To preliminarily study the synergistic effect of cellular nanofiber composite scaffold on chronic wounds, especially diabetic ones, we used a nano extrusion device to fabricate a nanoporous membrane with biodegradable polymers. PLMSCs and ADMSCs were loaded onto nano-bioscaffolds for delivery to the wound sites. To obtain the attachment of MSCs on the scaffolds, the collagen coating method was used. After various physicochemical analyses, the scaffold with superior properties was used for full-thickness diabetic wounds in the rat model.
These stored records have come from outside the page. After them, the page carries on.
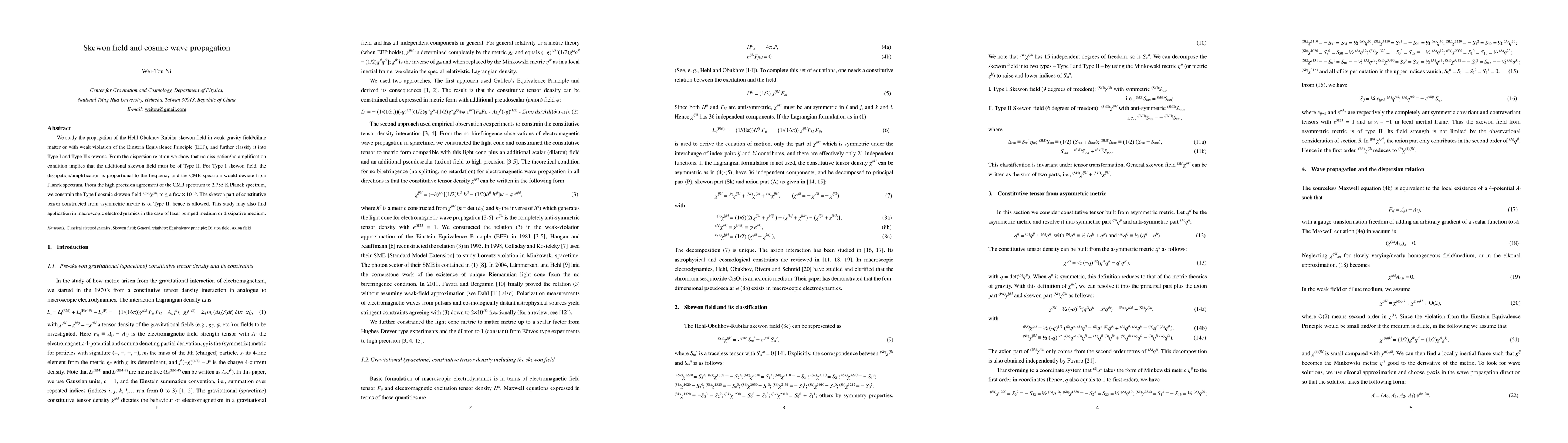 For the study of the gravitational coupling of electromagnetism and the equivalence principle, we have used the spacetime constitutive tensor density {chi}ijkl, and discovered the nonmetric (axion) part (A){chi}ijkl (equal to {phi}eijkl) of {chi}ijkl worthy investigation. Since we have used Lagrangian formalism, {chi}ijkl is effectively symmetric under the interchange of index pairs, ij and kl, and has 21 independent degrees of freedom. Hehl, Obukhov and Rubilar have started from charge-flux formalism to study electromagnetism, discovered the antisymmetric part (Sk){chi}ijkl (15 degrees of freedom) of {chi}ijkl under the interchange of index pairs ij and kl worthy investigation, and called it skewon field. In this paper, we study the propagation of the Hehl-Obukhov-Rubilar skewon field in weak gravity field/dilute matter or with weak violation of the Einstein Equivalence Principle (EEP), and further classify it into Type I and Type II skewons. From the dispersion relation we show that no dissipation/no amplification condition implies that the additional skewon field must be of Type II. For Type I skewon field, the dissipation/amplification is proportional to the frequency and the CMB spectrum would deviate from Planck spectrum. From the high precision agreement of the CMB spectrum to 2.755 K Planck spectrum, we constrain the Type I cosmic skewon field (SkI){chi}ijkl to less than a few x 10-35. The skewon part of constitutive tensor constructed from asymmetric metric is of Type II, hence is allowed. This study may also find applications in macroscopic electrodynamics in the case of laser pumped medium or dissipative medium.
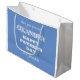Father's Day Custom Modern Cute Grandpa Gift Bag. Beautiful blue background with decorative fancy white script lettering. Click personalise this template to customise it quickly and easily. Matching gift bag, fleece blanket, paper plate, paper napkins, wine label, beer label, stickers and key ring in my store under Grandfather or in Grandfather Collection. 30 Day Money Back Guarantee. Ships Worldwide fast.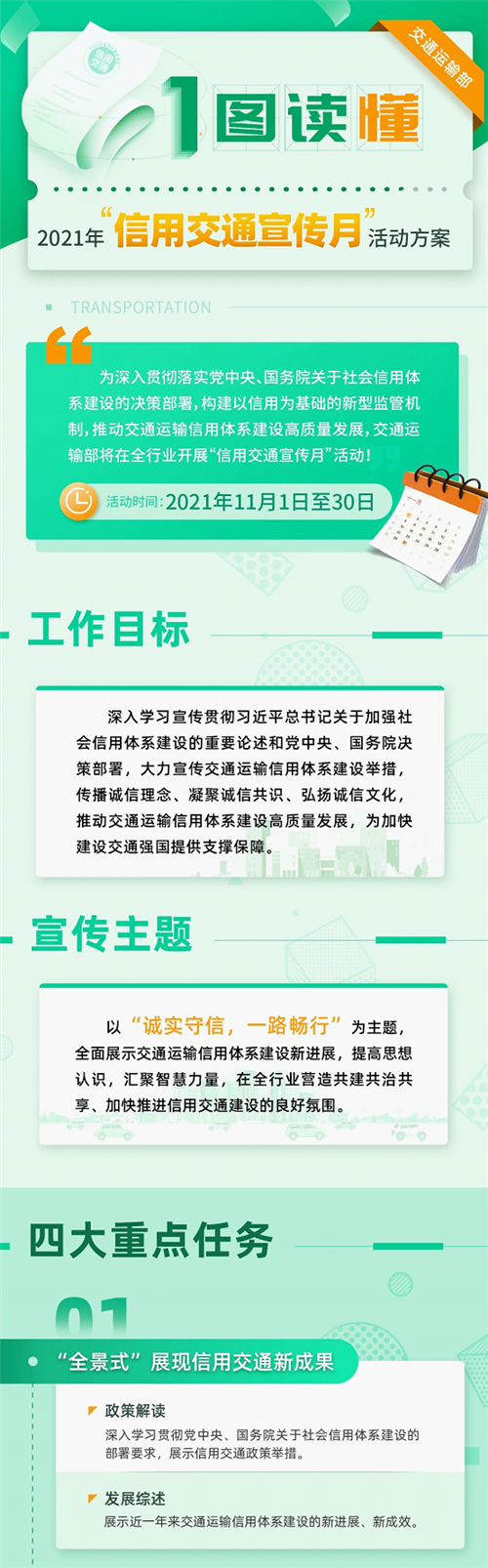 根據(jù)交通運(yùn)輸部部署, 2021年“信用交通宣傳月”活動(dòng)已經(jīng)正式啟動(dòng)。本次活動(dòng)以“誠(chéng)實(shí)守信,一路暢行”為主題,采取全方位、多角度、融媒體形式,全面展示交通運(yùn)輸信用體系建設(shè)新進(jìn)展新成效,深入報(bào)道我市交通運(yùn)輸部門(mén)在重點(diǎn)領(lǐng)域信用專(zhuān)項(xiàng)治理、數(shù)字信用、信用監(jiān)管、“信用+”工程建設(shè)等方面的創(chuàng)新經(jīng)驗(yàn)做法,努力在全行業(yè)營(yíng)造誠(chéng)實(shí)守信良好氛圍。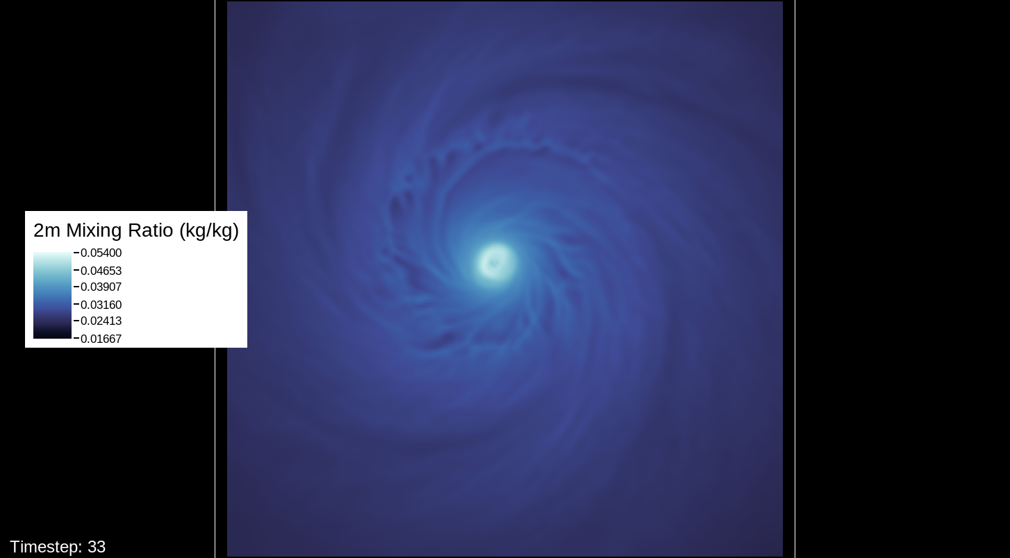 A note about the surface wind images, mostly for WRF experts and those who want to simulate the storm themselves: The images in this viewer do not represent the speed computation of the U10 and V10 speeds (the square root of the product of each of these added together). The reason for this is that the WRF’s surface wind computation is questionable for high-intensity storms. I’ve used an alternate computation that I think is more realistic for this type of system.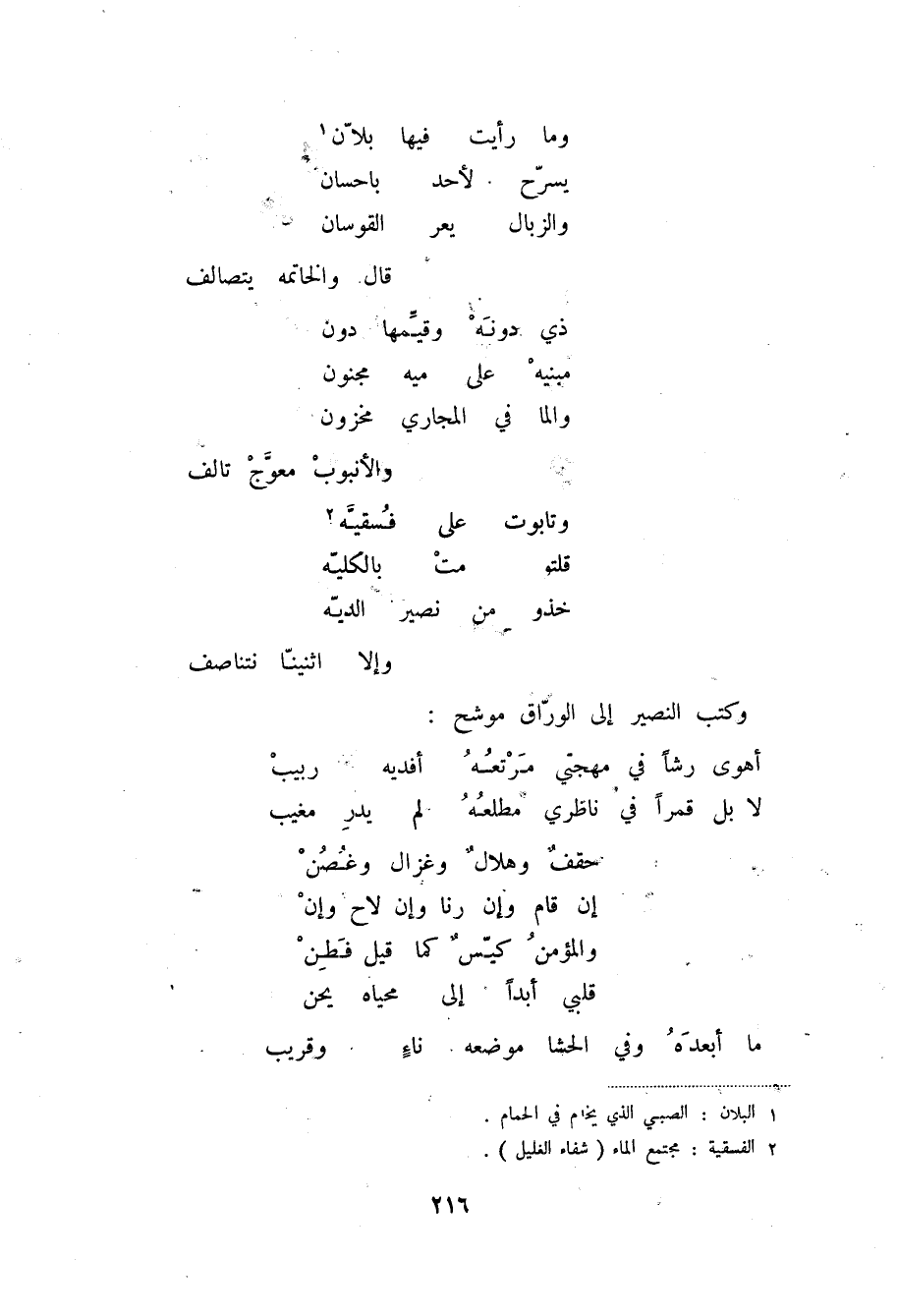 وما رأيت فيها بلان (1) ... يسرح لأحد باحسان ... والزبال يعر القوسان ... قال والهاتمه يتصالف ... ذي دونه وقيمها دون ... مبنيه على ميه مجنون ... والما في المجاري مخزون ... والأنبوب معوج تالف ... وتابوت على فسقيه (2) ... قلتو مت بالكليه ... خذو من نصير الديه ... وإلا اثنينا نتناصف ... وكتب النصير إلى الوراق موشح: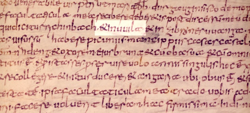 Domno sancto in Christo venerabile vir patri Autmaro abbati Durgauginsi seo de monasterio sancti Galloni. Ego Rothpaldus donamus ad monastirio vestrum pro mercede anime me facultaticula mea recibere deberetis post discessum meum; dono vobis dona- tumque in perpertuo ut permaneat esse volo, hoc est in pago Duregaugensi, in villa, qui dicitur Richinbach, et in Wila et in Zibroneswanga et in Wangas et in Tuzzinwang et in Schlatte et in Puzzinberch et in Wanzincovo, quicquid in istas villas visus sum abere picuniis, mancippiis, casas, caslis, campis, pratis, silvis, aquis aquarumque decursibus, ....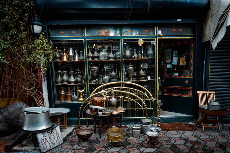 Geleneksel el sanatlarının sürdürüldüğü bölge, geçmişle bugünü buluşturan atmosferi ve renkli vitrinleriyle ziyaretçilerine çok katmanlı bir şehir deneyimi sunuyor. (Fotoğraflar; AA)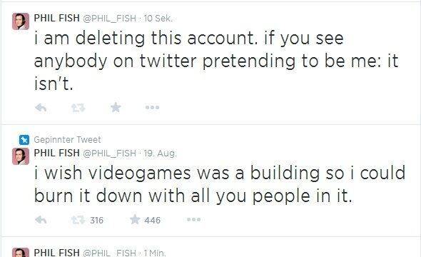 Tras un largo periodo de inactividad en la red social, Fish había regresado con sus características polémicas, ya fuese por los disturbios en Ferguson cuando comentó que los jugadores no merecían Fez 2 o por defender a Zoe Quinn, desarrolladora de Depression Quest, de acusaciones en Twitter.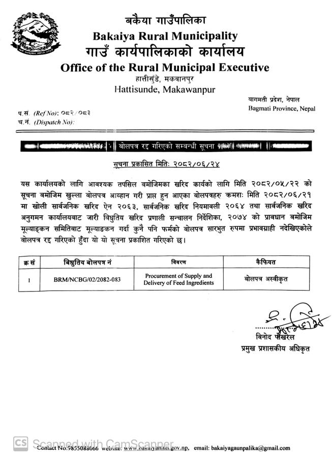 बोलपत्र रद्द सम्बन्धी सूचना ।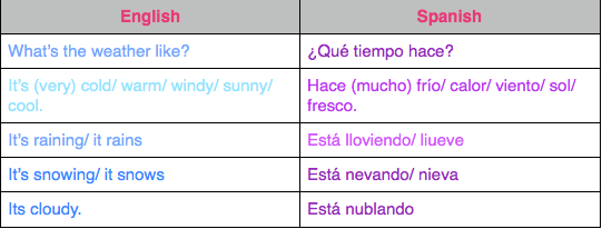 Ay dios mios! WEATHER! Posted by Tiarra Bell in Spanish 1 - Manuel on Friday, October 26, 2012 at 9:21 am Ay dios mios weather:In order to know the weather you need to know:Screen Shot 2012-10-26 at 9.20.16 AMScreen Shot 2012-10-25 at 8.41.06 AMHere is a video of Carlos describing the weather outside: Comments No comments have been posted yet. Log in to post a comment.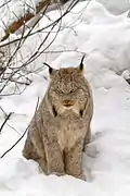 ![]() | Lynx canadensis | Довжина голови й тіла: 80–100 см, довжина хвоста: 5,1–13,8 см, вага: 5,1–17,2 кг | Рись канадська, як правило, населяє північні лісові райони Північної Америки. |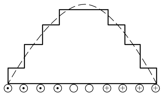 正弦绕组可以明显削弱定子绕组产生的磁动势谐波,但不能消除磁动势谐波。根据式(3-43)可知,要使磁动势曲线为一正弦波,则导体必须按余弦规律连续分布。但实际上导体总是放在槽里,或者为了节省铜线,往往采用一定的空槽,这样导体就不可能按余弦规律连续分布,而是断续分布的。这种绕组所产生的磁动势波形呈现阶梯形,如图3-14所示。阶梯形波与正弦波之差,就使正弦绕组所产生的磁动势中存在高次谐波,这种谐波与定、转子齿槽存在有关,称为齿谐波。所以正弦绕组只能削弱谐波磁动势,并不能完全消除谐波磁动势。生产实践中通常采用转子斜槽来进一步削弱谐波磁动势对电动机起动性能和运行性能产生的不利影响。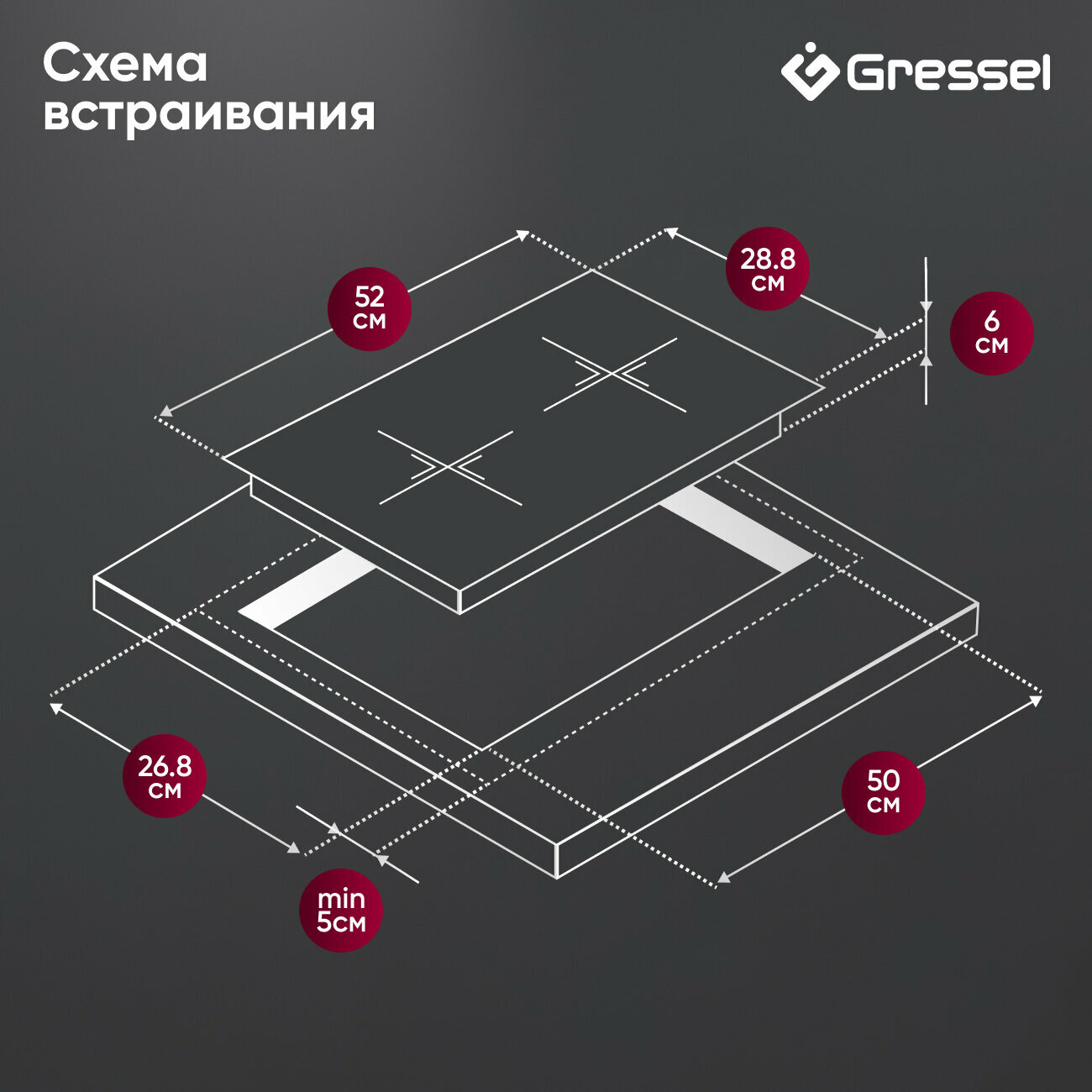 Встраиваемая индукционная варочная панель GRESSEL U45I73S000, 45 см, 5500Вт, Touch control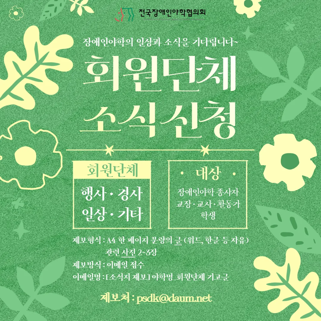 아래를 참고하여 나누고 싶은 장애인야학의 소식을 제보해주세요~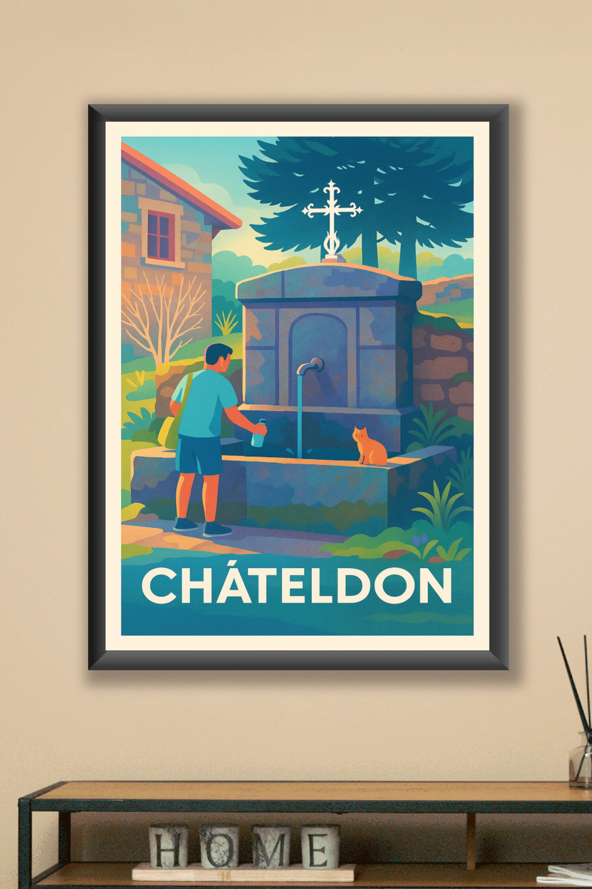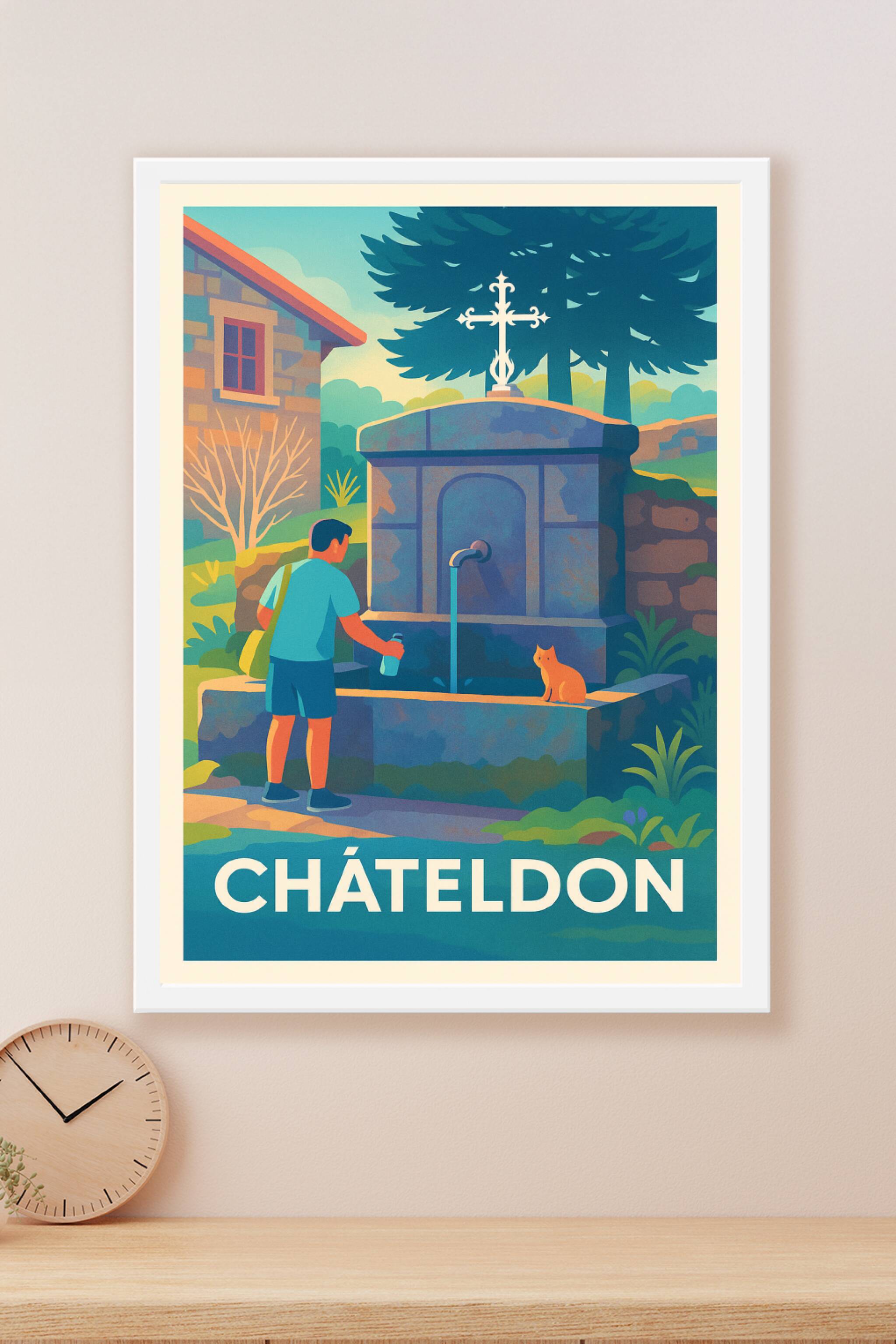 Découvrez la quiétude et le charme intemporel de Châteldon avec cette affiche illustrée mettant en scène une fontaine typique où un promeneur rempl...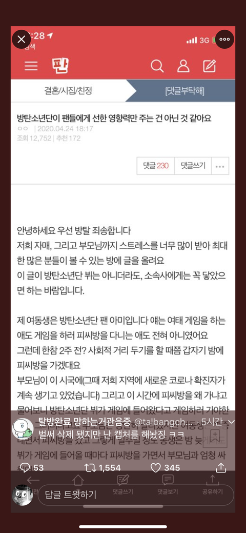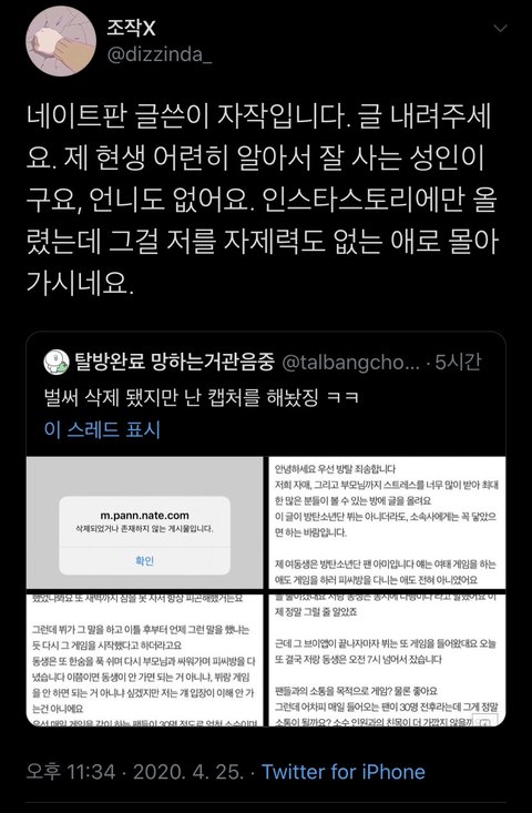 결시친에 올린거 봤었어. 딱 봐도 트윗냄새 나길래 쌤 말투가 일반인 같아서 못 알아볼뻔 했다고 댓도 남겼었음. 근데 삭제 했더라 ㅋㅋㅋ 이젠 ㅇㄱㄹ구분하는데 도가 튼것 같음. 엔터판도 아미들도 ㅇㄱㄹ들이 얼마나 교묘한지 알았음 좋겠어. 쟤네도 저 정도 정성으로 현생살면 뭘 해도 성공할텐데 안타깝... 화력 센 결시친까지 글 쓴 정성이라니..짹에서 알계 비계들이 까내리는거 결국엔 다 해명되고 맞는거 하나도 없었음. 지들 망상이었음. 혹시 아미들중 거기에 휩쓸릴 멘탈이면 트윗을 걍 안했음 좋겠다는게 내 생각. 망상은 끝이 없음

The results show cellular groups exhibited enhanced wound healing compared to control an acellular. Additionally, in cellular groups, CS70-P demonstrated better tissue regeneration. So PLMSC + nanofibrous CS70 scaffold showed superior therapeutic efficacy in chronic wound healing and skin regeneration. It is suggested that for clinical applications, more studies on the optimization of tissue-engineered grafts and safety need to be done.

Limitation

This study as a preliminary study is a proof of concept. Our focus was preparing the cellular nano-bioscaffold that closely mimics the extracellular matrix to take advantage of the synergic effect of this combination. For more evaluation of MSCs' healing effect in vivo, it is better to evaluate the separated treatment groups including ADMSC and PLMSC injection and we will consider this in future studies. In the current experiment, we did not perform in vivo stability studies. We completely agree that a deeper stability study is essential before going to a clinical trial.